[[ Collected material open ]]

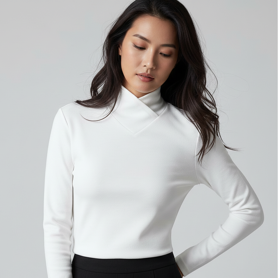 Sur la photo, ce modèle dégage une impression de calme et de modernité. C’est une pièce intemporelle que l’on porte aussi bien seule que sous une veste, parfaite pour une tenue quotidienne ou un moment plus habillé. Un essentiel qui mise sur le confort et la discrétion.
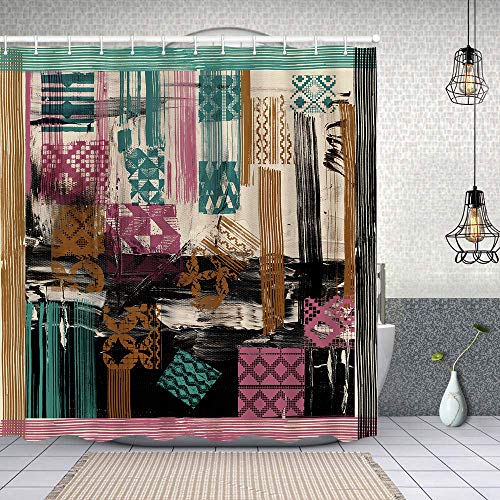 Rideau de Douche Tissu Polyester,Motif Grunge géométrique Et...
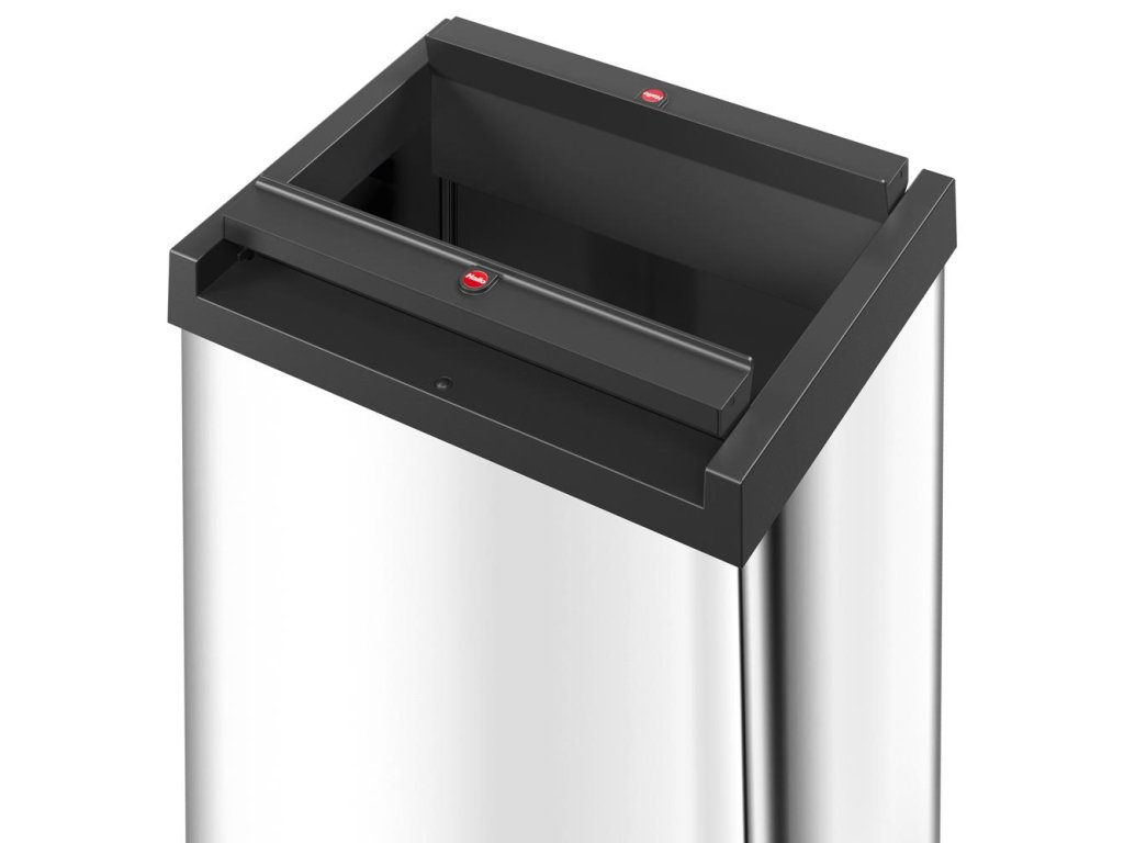 Velkoobjemový odpadkový koš Hailo Big-Box Swing má výkyvné dvoukřídlé víko s možností aretace. Optimalizovaný tvar víka s pojistkou pro otevření umožní snadné naplnění koše, poté se víko samo uzavírá. Vnitřní pytle na odpad se uchytí za červený plastový rám a nebudou už nikdy kazit čistý upravený dojem. Koše se dodávají v rozloženém stavu, jejich montáž je velmi snadná. Hranatý tvar vyzívá ke sloučení více boxů v jeden celek, třeba pro třídění odpadu.

[[ Collected material closed ]]

_Exercise aim_:
Would you print all of the material exactly as written, minus the pictures?

_Output below_:
 Sur la photo, ce modèle dégage une impression de calme et de modernité. C’est une pièce intemporelle que l’on porte aussi bien seule que sous une veste, parfaite pour une tenue quotidienne ou un moment plus habillé. Un essentiel qui mise sur le confort et la discrétion.
 Rideau de Douche Tissu Polyester,Motif Grunge géométrique Et...
 Velkoobjemový odpadkový koš Hailo Big-Box Swing má výkyvné dvoukřídlé víko s možností aretace. Optimalizovaný tvar víka s pojistkou pro otevření umožní snadné naplnění koše, poté se víko samo uzavírá. Vnitřní pytle na odpad se uchytí za červený plastový rám a nebudou už nikdy kazit čistý upravený dojem. Koše se dodávají v rozloženém stavu, jejich montáž je velmi snadná. Hranatý tvar vyzívá ke sloučení více boxů v jeden celek, třeba pro třídění odpadu.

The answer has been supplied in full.